To avoid incurring charges to your Google Cloud Platform account for the resources used in this tutorial:

  1. Disconnect from the Compute Engine instance, if you have not already done so:

    (vm)$ exit
    

    Your prompt should now be username@projectname, showing you are in the Cloud Shell.

  2. In your Cloud Shell, run ctpu delete with the --zone flag you used when you set up the Cloud TPU to delete your Compute Engine VM and your Cloud TPU:

    $ ctpu delete --zone=europe-west4-a --name=retinanet-tutorial
    
  3. Run the following command to verify the Compute Engine VM and Cloud TPU have been shut down:

    $ ctpu status --zone=europe-west4-a
    

    The deletion might take several minutes. A response like the one below indicates there are no more allocated instances:

    2018/04/28 16:16:23 WARNING: Setting zone to "europe-west4-a"
    No instances currently exist.
     Compute Engine VM:     --
     Cloud TPU:             --
    
  4. Run gsutil as shown, replacing bucket-name with the name of the Cloud Storage bucket you created for this tutorial:

    $ gsutil rm -r gs://bucket-name
    

What's next

Train with different image sizes

You can explore using a larger neural network (for example, ResNet-101 instead of ResNet-50).
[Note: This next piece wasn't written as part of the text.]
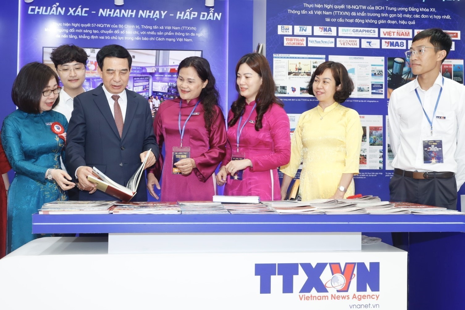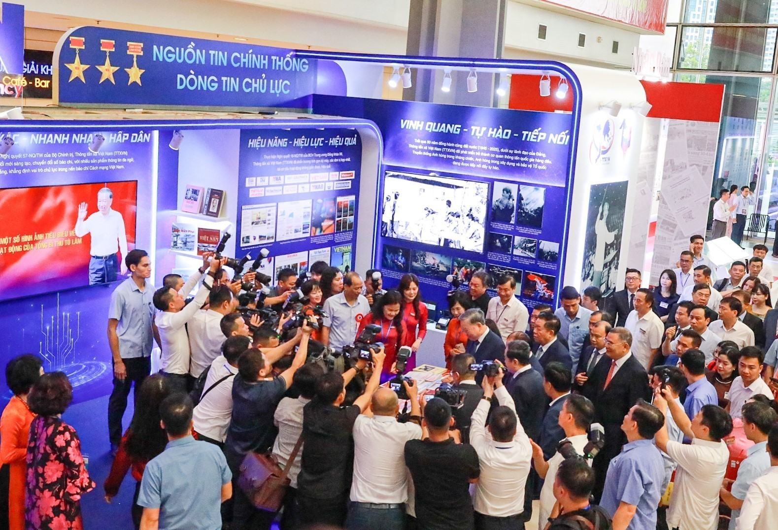 Đặc biệt, tại Hội Báo toàn quốc năm 2025, gian trưng bày của TTXVN đã vinh dự được đón tiếp các đồng chí lãnh đạo cao nhất của Đảng và Nhà nước đến tham quan, động viên những người làm báo Thông tấn.

A larger input image and a more powerful neural network will yield a slower but more precise model.

Use a different basis

Alternatively, you can explore pre-training a ResNet model on your own dataset and using it as a basis for your RetinaNet model. With some more work, you can also swap in an alternative neural network in place of ResNet. Finally, if you are interested in implementing your own object detection models, this network may be a good basis for further experimentation.